Analysis of the results of the reviewed studies shows that use of CDSS in prescribing a number of drugs has no effect on the physicians’ performance in outcomes such as drug prescription rates with drug suitability index and average functional status outcome and drug complexity index [41, 44, 45]. Our study results are consistent with Olsson, suggesting that CDSS for elderly people who use multiple types of medicines has no effect on important outcomes when prescribing medicines [80]. The explanation for the incidence of unexpected findings in this research was the lack of information for patients with serious infections requiring immediate care and the lack of relevance of the checklist given for the drug problems of the patient [41, 44, 45].

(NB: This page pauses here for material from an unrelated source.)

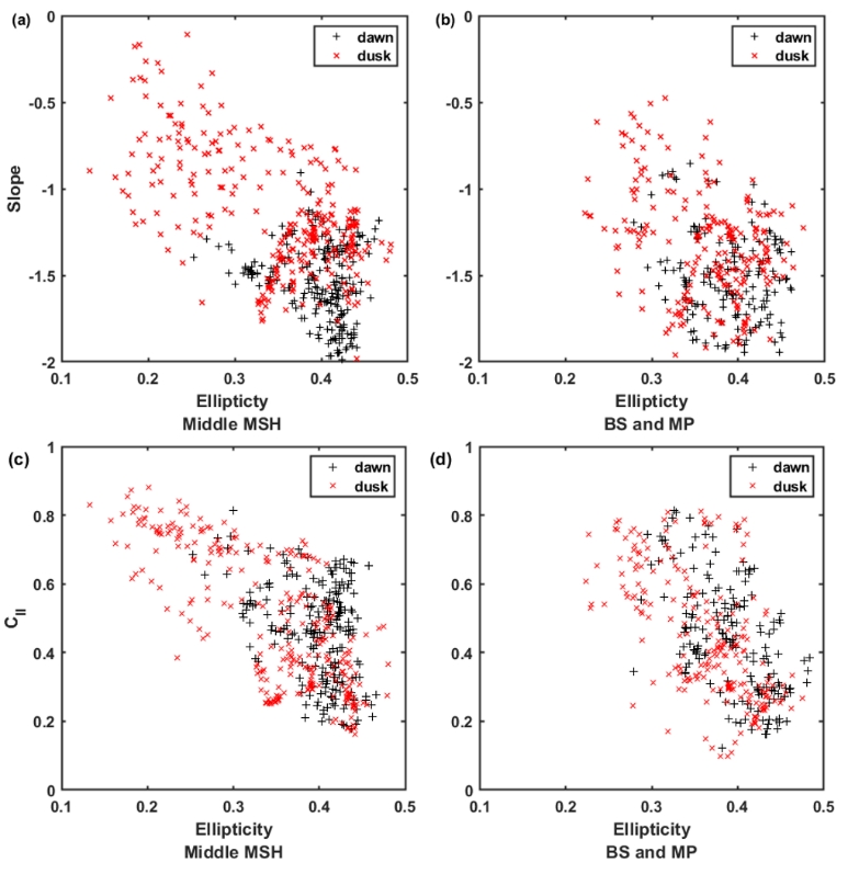 图2 椭度与湍流谱指数和磁场压缩性的分布关系。(a)和(b)分别代表在磁鞘中部和边界区域(弓激波和磁层顶附近)椭度与湍流谱指数的分布;类似的,(c)和(d)分别代表在磁鞘中部和边界区域椭度与磁场压缩性的分布。
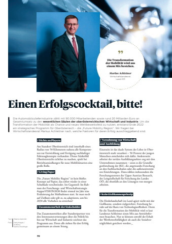 70 # Dichte an Playern Am Standort Ober%u00f6sterreich sind innerhalb eines Radius von 50 Kilometern nahezu alle Kompetenzen zur Entwicklung und Fertigung nachhaltiger Fahrzeugkonzepte vorhanden. Dieses St%u00e4rkefeld Ober%u00f6sterreichs sichtbar zu machen, spielt bei Betriebsansiedlungen f%u00fcr neue Mobilit%u00e4tsarten eine gro%u00dfe Rolle. # Living Paper Die %u201eFuture Mobility Region%u201c ist kein blo%u00dfes Konzept auf Papier, das sofort wieder in einer Schublade verschwindet. Im Gegenteil: Im Rahmen der Forschungs- und Wirtschaftsstrategie #upperVISION2030 ffndet einmal im Jahr eine Evaluierung der Ma%u00dfnahmen statt. Ist man noch auf Zielkurs oder gilt es, zu adaptieren, um bis 2030 alle Vorhaben zu erreichen? # Zusammenarbeit der Stakeholder Das Zusammenwirken aller Standortpartner von den Interessensvertretungen %u00fcber die Politik bis hin zur Wirtschaft und Industrie zeichnet das Programm aus. Denn alle ziehen f%u00fcr den Erfolg gemeinsam an einem Strang.Die Automobilzulieferindustrie z%u00e4hlt mit 90.000 Mitarbeitenden sowie rund 20 Milliarden Euro anGesamtumsatz zu den wesentlichen S%u00e4ulen der ober%u00f6sterreichischen Wirtschaft und Industrie. Um die Transformation der Mobilit%u00e4t als Chance und neues Wettbewerbsfeld zu nutzen, entstand Ende 2022ein strategisches Programm f%u00fcr Ober%u00f6sterreich %u2013 die %u201eFuture Mobility Region%u201c. Wir fragen bei Wirtschaftslandesrat Markus Achleitner nach, welche Faktoren f%u00fcr deren Erfolg ausschlaggebend sind.# Verzahnung von Wirtschaft und Ausbildung Einerseits ist das duale System der Lehre in Ober%u00f6sterreich stark verankert %u2013 50 Prozent der jungen Menschen entscheiden sich daf%u00fcr. Andererseits arbeitet der terti%u00e4re Ausbildungssektor eng mit den Unternehmen zusammen %u2013 seien es die Grundlagenforschung der JKU, die angewandte Forschung an den Fachhochschulen oder die au%u00dferuniversit%u00e4ren Einrichtungen. Dazu z%u00e4hlen insbesondere die Forschungszentren der Upper Austrian Research, der Leitgesellschaft f%u00fcr Forschung des Landes O%u00d6, die ebenfalls an den L%u00f6sungen von morgen arbeiten. # Kein Gie%u00dfkannenprinzip Die F%u00f6rderlandschaft im Land agiert nicht mit der Gie%u00dfkanne, sondern zielgerichtet. Forschung beruht auf der Basis von Technologieoffienheit. Denn f%u00fcr die Transformation der Mobilit%u00e4t wird es laut Landesrat Achleitner einen Mix aus Antriebsformen brauchen. Nur so k%u00f6nnen sowohl der Erhalt der Wettbewerbsf%u00e4higkeit als auch die Sozialvertr%u00e4glichkeit gesichert werden._Text Melanie KashoferFoto Gettyimages / hxdbzxy; Sabine KneidingerEinen Erfolgscocktail, bitte!Die Transformation der Mobilit%u00e4t wird aus einem Mix bestehen.Markus AchleitnerWirtschaftslandesrat, Land O%u00d6

This systematic review study was conducted with the aim of identifying the effect of CDSS on patient outcomes and physicians’ performance. The results show that use of CDSS in some diseases has positive effects on the outcomes of patients and the physicians’ performance as well, while it has no significant effect on others. In addition, the type of outcomes and the effects of CDSS on the disease are different. Using this technique in some cases yields positive results in patients and doctors, while in others it demonstrates no significant difference compared to those of conventional methods. The positive effect of CDSS seems to be due to factors such as user-friendliness of the system, the number of patients requiring treatment, the rate of observance of clinical guidelines, conformity of clinical guidelines and data registry, the rate of patients’ accurate adherence to messages of the system, useful short messages, the existence of algorithms with dynamic functioning based on patient data, existence of patient medical records, the relationship between electronic health records with CDSS and timely alerts of the system in the prescribing process. In addition, the positive effect of CDSS depends on a number of other factors such as having an instruction section, not being confronted with mandatory recommendations, patient and physician cooperation with the help of CDSS guidelines, not lagging between alerts where the alert is of low importance and the identification of important alerts, equipping pharmacies with CDSS and system applicability, considering the opinions of doctors when assessing the value of alerts and notifications for drug interaction.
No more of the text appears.